When I was back in the Northeast, I often heard about stories of fishing in Florida. How one guy from New York got 50 fish from the Florida surf. One guy from the Panama City thread also said he got all kinds of fishes with a medium rod and shrimp alone.

Were they talking about the same Florida? 

When I finally got to the Melbourne Beach, the surf was really dirty and not one fisherman in sight. When I got to the Sabastian Inlet, saw some fish caught arond the inlet. But not one of the surf fishermen got a fish. Now many people in Central Florida also complain catch no fish.

Which version is right?


----------



## Joeseminole18 (Feb 26, 2003)

The version that says you need a boat to catch anything decent. Surf fishing sucks.


----------



## Reelbehind (Jul 30, 2003)

Surf fishing has been great at Playalinda this past week. Lot's of Pomp's, Blue's, Whiting and even a Sheepshead. Only thing i've been getting them on is my 14 foot rods. You have one don't you? Your using live Sandfleas right? At least cut Clam or peeled Shrimp right? Your following the weather, tidal conditions right? You're not walking up to the beach and just casting out are you? Works sometimes but not always. YOU do know how to find the troughs and runouts right?You know that most of the time the fish are right at your feet in the surf and you don't need a big rod?That only under certain conditions you need a long rod (like yesterday), when i needed one. There was one time at Playalinda when i could not buy a bite, this guy walks up,walks to the first sandbar ( knee deep) casted his bait to shore ( ankle deep) and proceded to pull in Bull Whiting non stop.:jawdrop: That's when i learned to start watching, looking and learning


----------



## Romans14Eleven (Feb 29, 2004)

I'll second that Reelbehind.....I've learned sooo much in the past two years in regards to surf fishing. All the things you mentioned. I've fished the Georgia tidal creeks very hard for whiting over the past two years, and I have done really well at times. Some HUUUUGE whiting, but numbers were never great. I think the most I caught in a day was 15 at the most. And then surf fishing at Bonsteel a month ago....my wife and I catch 84 in two days. For those of you that read that report....yeah I'm still getting over that weekend. And it was all because we fished reeeaaaalllly close..just like Reelbehind mentioned in the above post. When the conditions are ideal the fish will be there usually. Then you have to apply knowledge to figure out location in that big surf in front of you. But its no different than fishing anywhere else....from all the types of saltwater to the freshwater. All those little details can be included in all the other bodies of water too. But I gotta admit...there is something that just gets my blood pumping a little faster and has me a little more excited when I fish the surf. But what does that mean...I get that feeling wherever and whenever I'm fishing period.


----------



## 222222 (Jul 20, 2001)

Reelbehind: Thanks for the info. Believe it or not, I haven't fished once in FL yet since I got here!! Few quick questions please:

1. How far your 14' had to cast out "Yesterday" in order to reach fish? 45 yards? 60 yards?

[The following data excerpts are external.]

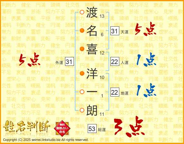 渡(13画)名(6画)喜(12画) 洋(10画)一(1画)朗(11画)
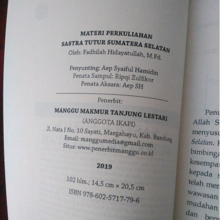 buku sastra novel Sastra Tutur Sumatera Selatan Fadhilah Hidayatullah
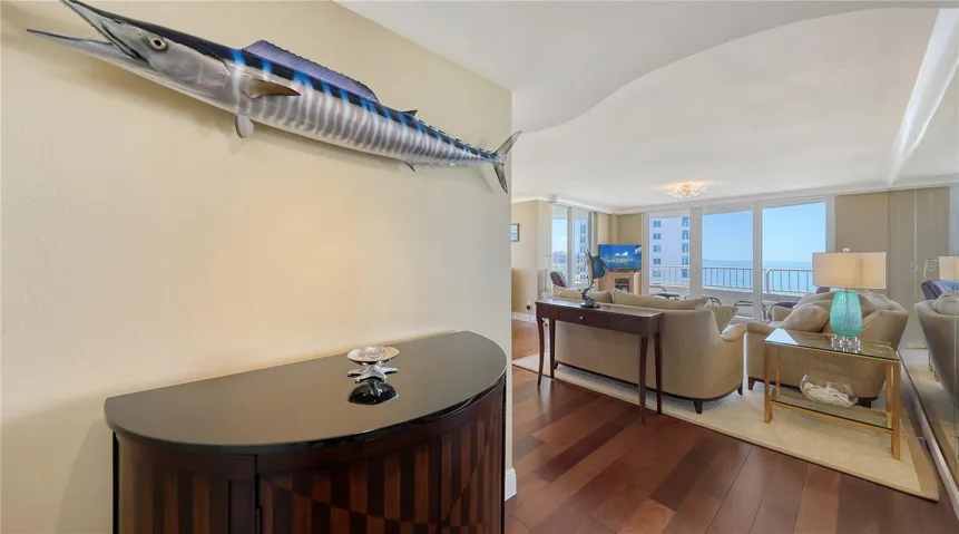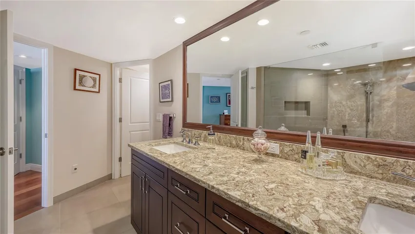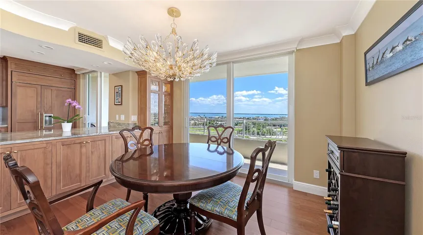 From a morning stroll on the beach to twilight cocktails on your wrap around balcony watching the glittering lights of Sarasota over the bay, you will experience beauty all around. Longboat Key, a jewel in the crown of the Sarasota Coastline, has so much to share. This elegantly appointed home will not disappoint. Custom finishes are abundant throughout the 1,842 sq ft condominium, not to mention the breath-taking views from the over 300 sq ft wrap-around balcony. This gracious home offers generous living space, with sweeping views from every window. Upon entering 807, you are greeted to stunning engineered Brazilian Cherry Hardwood flooring that continues throughout the home. A Reme Halo Air Purification System keeps the air fresh and clean. All windows and sliders are Impact. Beautiful crown molding throughout. The custom kitchen created by Campbell’s Cabinetry, Quartzite countertops, SubZero 42” Side by Side Refrigerator Freezer, Wolf Steam Convection Oven, GE Monogram Induction Cooktop, Zephyr PISA range hood. Dosch Dishwasher, Blankco Silgranite Sink, Hansgrohe Faucet. Custom cabinetry can be found throughout this beautiful residence. Primary Bedroom Suite offers views, comfort and luxury. Two bedrooms, each with well-designed baths, custom touches are found everywhere. There is one assigned parking space assigned to the unit on the upper level, and there is ample parking on the lower level for your second vehicle.
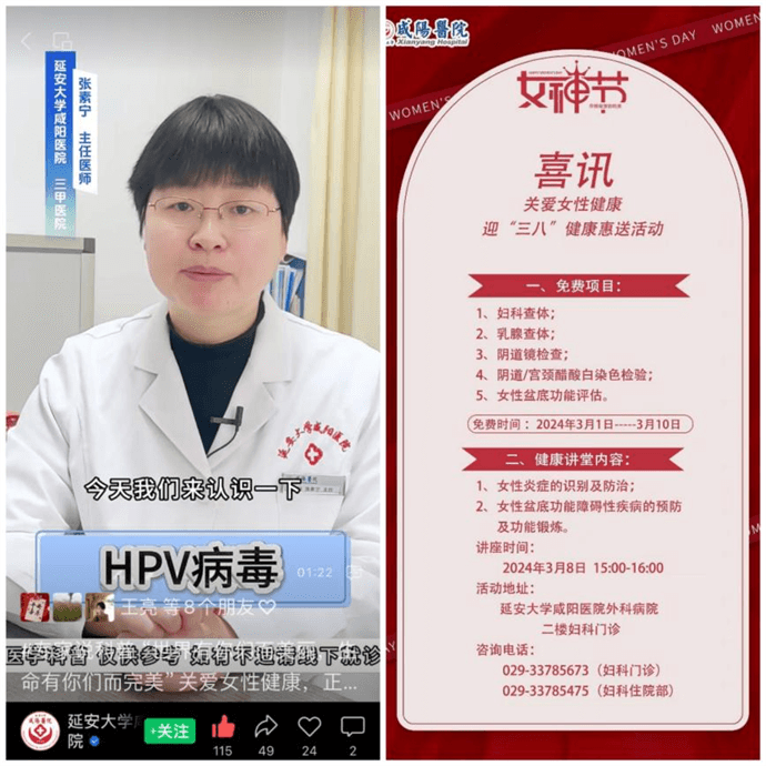 婦科張素寧副主任通過媒體進(jìn)行女性人乳頭瘤病毒防治的科普小視頻知識講座,從感染途徑、易感人群及防治措施等多方面講解女性人乳頭瘤病毒感染的相關(guān)知識;同時,在公眾號平臺發(fā)布活動通知,積極鼓勵廣大女性朋友參加現(xiàn)場科普講座,并做好相關(guān)疾病的早期篩查工作。
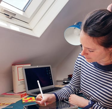 Illustratrice autodidacte, c'est à la trentaine galopante, et à l'aide de la période du confinement, que je me rends compte que l'illustration est pour moi un vrai moyen d'expression, sinon un moyen thérapeutique... mieux vaut tard que jamais, non ?

2. Always have problems sticking soft baits like "fresh" clam or "peeled" shrimp to the hooks. Sand flea too. Especially when I have to cast more than 40 yards out. (Don't you guys use shrimp with shell intact? So it'll stay on the hook?)

Will a circle "bait-holder" hook help? 

3. How big or "small" a strip will the clam or shrimp have to be in order to fit the mouth of Pomp and Whiting?

4. I've heard south or south-eastern winds will dirty the surf. Any other winds will also dirty the surf?

5. I have a 10' pole with thick tip. I know your 14' has a slim, thin tip. Do fish around high tides. But sometimes like Joeseminole18 said, fish just won't get close to shore unless you got a boat. Particularly up north.

Thanks.


----------



## Joeseminole18 (Feb 26, 2003)

Maybe I should correct myself. You're very limited as to what species you can catch from shore. I also think anyone would agree that you usually catch more fish in a boat than from the surf. Most people from the surf catch whiting and blues....with the occasional pompano or something crazy like a redfisih. 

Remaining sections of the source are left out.